What is expected. Leave out the pictures and repeat the entries below verbatim.

Data records:
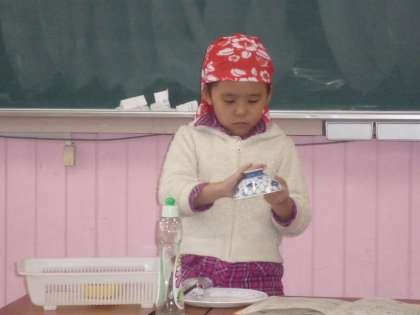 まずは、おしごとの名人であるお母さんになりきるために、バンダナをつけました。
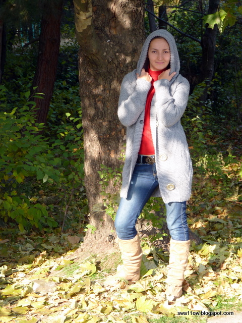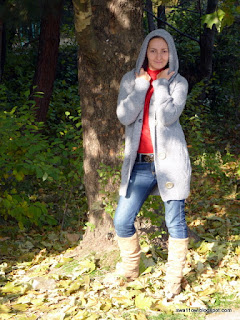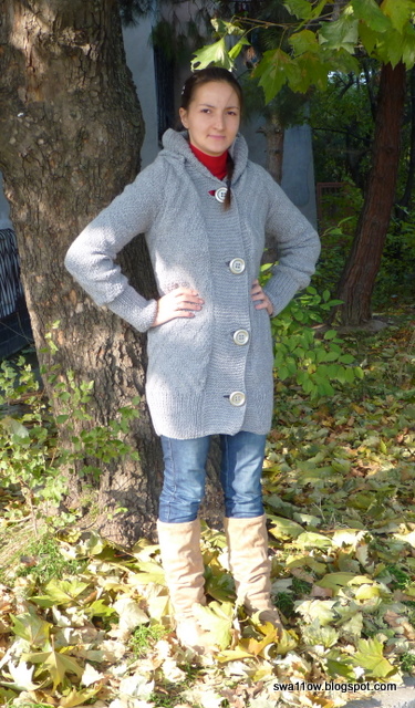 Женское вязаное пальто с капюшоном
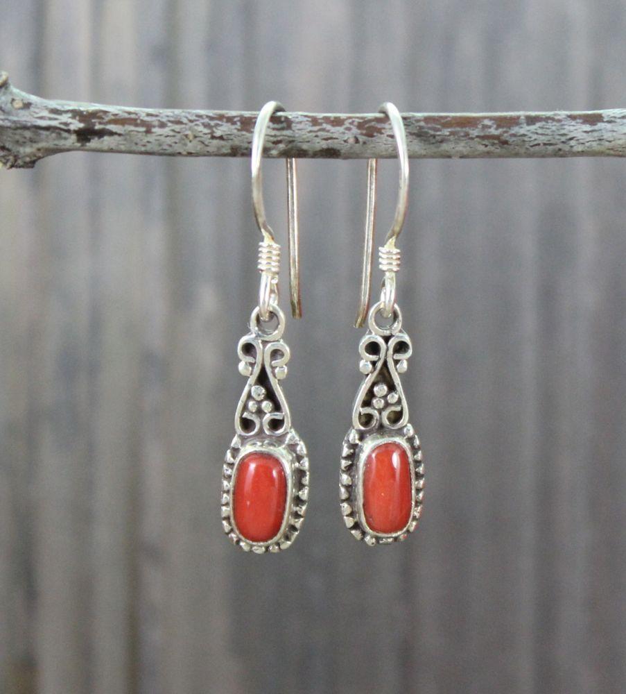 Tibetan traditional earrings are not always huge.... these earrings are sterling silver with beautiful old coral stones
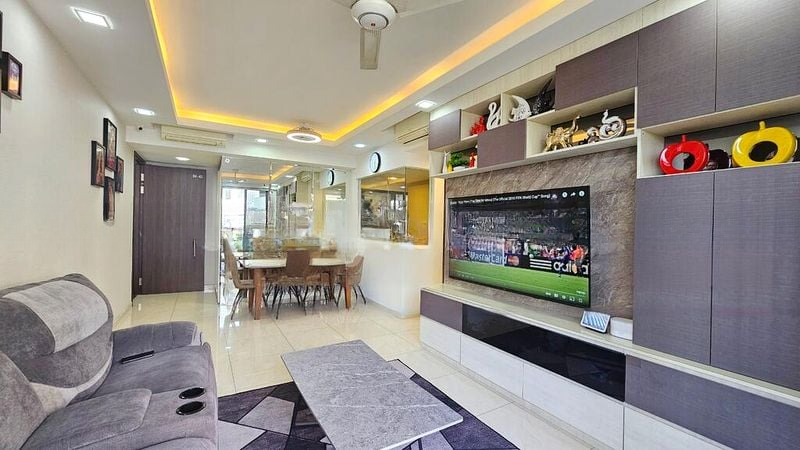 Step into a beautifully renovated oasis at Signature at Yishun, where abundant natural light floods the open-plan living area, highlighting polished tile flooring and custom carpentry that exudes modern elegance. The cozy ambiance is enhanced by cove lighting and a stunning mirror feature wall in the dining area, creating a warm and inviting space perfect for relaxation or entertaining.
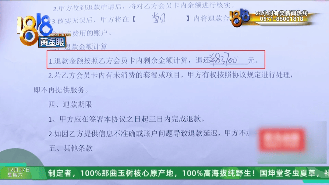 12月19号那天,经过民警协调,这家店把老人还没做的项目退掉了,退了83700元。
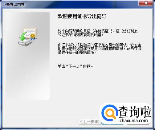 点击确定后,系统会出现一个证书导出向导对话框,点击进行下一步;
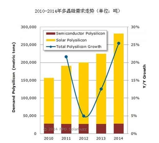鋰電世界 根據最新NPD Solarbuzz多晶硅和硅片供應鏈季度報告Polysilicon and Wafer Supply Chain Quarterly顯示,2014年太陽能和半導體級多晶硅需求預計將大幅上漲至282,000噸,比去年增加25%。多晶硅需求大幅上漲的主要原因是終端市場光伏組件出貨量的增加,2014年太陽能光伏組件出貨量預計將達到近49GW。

Task result.
 まずは、おしごとの名人であるお母さんになりきるために、バンダナをつけました。
 Женское вязаное пальто с капюшоном
 Tibetan traditional earrings are not always huge.... these earrings are sterling silver with beautiful old coral stones
 Step into a beautifully renovated oasis at Signature at Yishun, where abundant natural light floods the open-plan living area, highlighting polished tile flooring and custom carpentry that exudes modern elegance. The cozy ambiance is enhanced by cove lighting and a stunning mirror feature wall in the dining area, creating a warm and inviting space perfect for relaxation or entertaining.
 12月19号那天,经过民警协调,这家店把老人还没做的项目退掉了,退了83700元。
 点击确定后,系统会出现一个证书导出向导对话框,点击进行下一步;
鋰電世界 根據最新NPD Solarbuzz多晶硅和硅片供應鏈季度報告Polysilicon and Wafer Supply Chain Quarterly顯示,2014年太陽能和半導體級多晶硅需求預計將大幅上漲至282,000噸,比去年增加25%。多晶硅需求大幅上漲的主要原因是終端市場光伏組件出貨量的增加,2014年太陽能光伏組件出貨量預計將達到近49GW。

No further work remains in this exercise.